While there isn't any data on what proportion of researchers use each method, Muneesh Tewari, senior author on the study and a professor at the University of Michigan Health System, told GenomeWeb in an interview that users new to dPCR might consider heat fragmentation because of its low cost and ease.

"The point of our paper was to bring awareness to a potential pitfall of heat fragmentation of DNA for rare allele detection of dPCR," he said.

In the study, published earlier this month in BioTechniques, the researchers heated genomic DNA purchased from a vendor to 95° C for more than 10 minutes prior to quantification with RainDance Technologies' RainDrop Digital PCR System, which led to increased detection of G12D KRAS mutations.

This effect was not seen using sonication or when examining BRAF V600E mutations. The researchers also found that recovery efficiency of heat-fragmented genomic DNA was higher than expected, suggesting single-stranded DNA was also incorporated into droplets.

"Testing was done with and without heat shearing, so we can be fairly certain that the increase in mutation counts associated with heat treatment arises from the heating, and not from pre-existing mutations in the DNA," Tewari noted.

The authors suggested that high temperature could be causing deamination of cytosine to uracil. They designed other KRAS mutation assays with different point mutations and found evidence that supported this hypothesis, which was also substantiated by a decades-old paper in Biochemistry showing high heat can cause deamination of cytosines in DNA.

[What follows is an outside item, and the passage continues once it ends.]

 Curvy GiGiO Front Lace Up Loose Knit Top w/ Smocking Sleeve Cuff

First author Qing Kang also said in an email that the group focused on the impact of heat fragmentation on dPCR specifically, but there remains "a concern whether heat would have a broader impact on the quality of DNA samples used in multiple settings."

In the BioTechniques study, the researchers also examined the effect of heat incubation performed during genomic DNA extraction from blood.

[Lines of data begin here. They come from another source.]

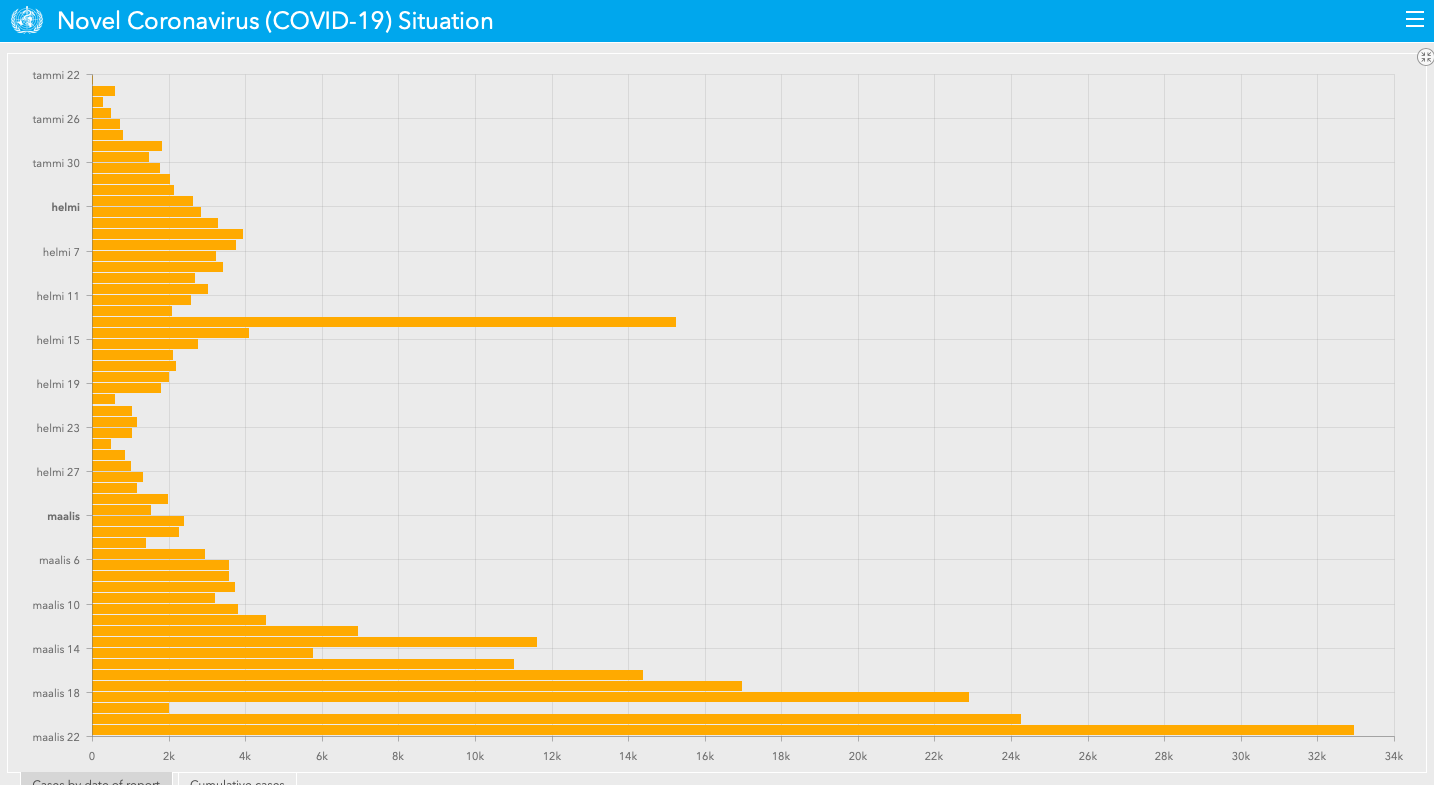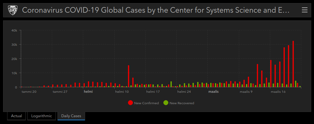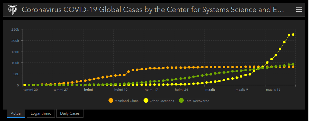 Tuossa WHO kuvassa taitaa olla jo tämänkin päivän "testatut/havaitut" tapaukset. Hopkinsilla vain päivään 20 asti.
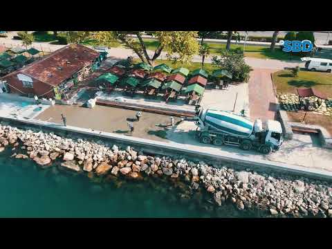 Kdz. Ereğli’de 19 Kasım 2023 yaşadığımız büyük felaketin ardından yeniden inşaa edilen ve büyük bir oranda yapılan sahil bandında yürüyüş yollarında renkli baskı beton çalışması yapılıyor.
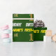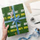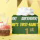 Este diseño de papel envolvente incluye un mensaje como "¡PRIMER CUMPLEAÑOS!", con el "primero" con un aspecto de color falso/imitación dorado, y con el nombre y el "CUMPLEAÑOS" en un tipo de letra divertido y audaz. El nombre se puede personalizar y el fondo es de color verde. El envolvimiento de papel como este podría ser usado cuando se le dan regalos de cumpleaños a alguien en celebración de su primer cumpleaños. [~Z0000208]

In these experiments they found that moderate heating, such as is typically used for DNA extraction, did not cause any mutagenic effects as measured by dPCR.

With increasing sensitivity of sequencing, however, it may be important to study whether steps involving heating could be affecting results.

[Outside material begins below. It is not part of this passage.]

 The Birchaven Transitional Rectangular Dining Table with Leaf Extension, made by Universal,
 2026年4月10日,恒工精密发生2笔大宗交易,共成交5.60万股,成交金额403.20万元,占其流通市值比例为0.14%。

"During sequencing library preparation, although heating is not routinely used for the purpose of DNA fragmentation it is commonly used in steps such as DNA denaturation and enzyme inactivation, which could increase the DNA mutation background that is not originally present in the DNA samples," Kang said.

She noted the group had not experimentally tested this, but, knowing the potential mutation-causing factors during library prep could be crucial for some analyses. "We think the mutagenic effect of heating could be applied to any other G-to-A mutation detection," she said.

The group is now using both restriction enzyme digestion and a shearing method from Covaris, "which work equally well" for DNA fragmentation, Kang said.

They have not tried these experiments with other digital PCR platforms, but Tewari predicted that similar results would be obtained, "because the heat-induced changes in the DNA happen before the digital PCR step."